* GIVEN MATERIAL *
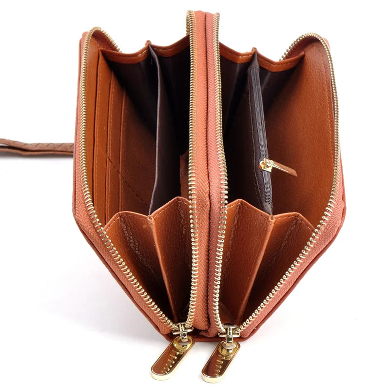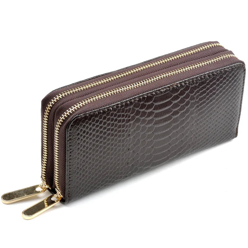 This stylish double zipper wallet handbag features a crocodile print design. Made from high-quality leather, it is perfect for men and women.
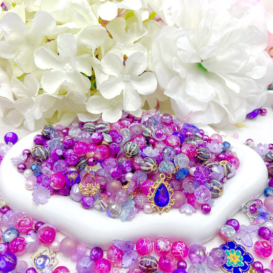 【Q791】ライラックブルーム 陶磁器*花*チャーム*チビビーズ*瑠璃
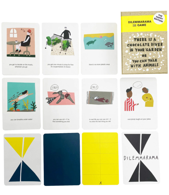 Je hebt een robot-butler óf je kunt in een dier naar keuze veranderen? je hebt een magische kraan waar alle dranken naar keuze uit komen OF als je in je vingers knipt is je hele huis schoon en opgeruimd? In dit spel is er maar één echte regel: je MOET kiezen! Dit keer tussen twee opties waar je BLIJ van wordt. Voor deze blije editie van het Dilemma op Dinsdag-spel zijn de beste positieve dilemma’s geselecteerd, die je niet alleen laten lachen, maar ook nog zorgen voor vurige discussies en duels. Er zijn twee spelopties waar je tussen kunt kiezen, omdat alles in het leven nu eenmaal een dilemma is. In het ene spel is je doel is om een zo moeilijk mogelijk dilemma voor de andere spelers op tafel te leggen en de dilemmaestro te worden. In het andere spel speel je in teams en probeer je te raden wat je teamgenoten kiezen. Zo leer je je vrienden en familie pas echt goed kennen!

* EXERCISE *
Would you return the data exactly as written, without the pictures?

* RESULT OF THIS TASK *
 This stylish double zipper wallet handbag features a crocodile print design. Made from high-quality leather, it is perfect for men and women.
 【Q791】ライラックブルーム 陶磁器*花*チャーム*チビビーズ*瑠璃
 Je hebt een robot-butler óf je kunt in een dier naar keuze veranderen? je hebt een magische kraan waar alle dranken naar keuze uit komen OF als je in je vingers knipt is je hele huis schoon en opgeruimd? In dit spel is er maar één echte regel: je MOET kiezen! Dit keer tussen twee opties waar je BLIJ van wordt. Voor deze blije editie van het Dilemma op Dinsdag-spel zijn de beste positieve dilemma’s geselecteerd, die je niet alleen laten lachen, maar ook nog zorgen voor vurige discussies en duels. Er zijn twee spelopties waar je tussen kunt kiezen, omdat alles in het leven nu eenmaal een dilemma is. In het ene spel is je doel is om een zo moeilijk mogelijk dilemma voor de andere spelers op tafel te leggen en de dilemmaestro te worden. In het andere spel speel je in teams en probeer je te raden wat je teamgenoten kiezen. Zo leer je je vrienden en familie pas echt goed kennen!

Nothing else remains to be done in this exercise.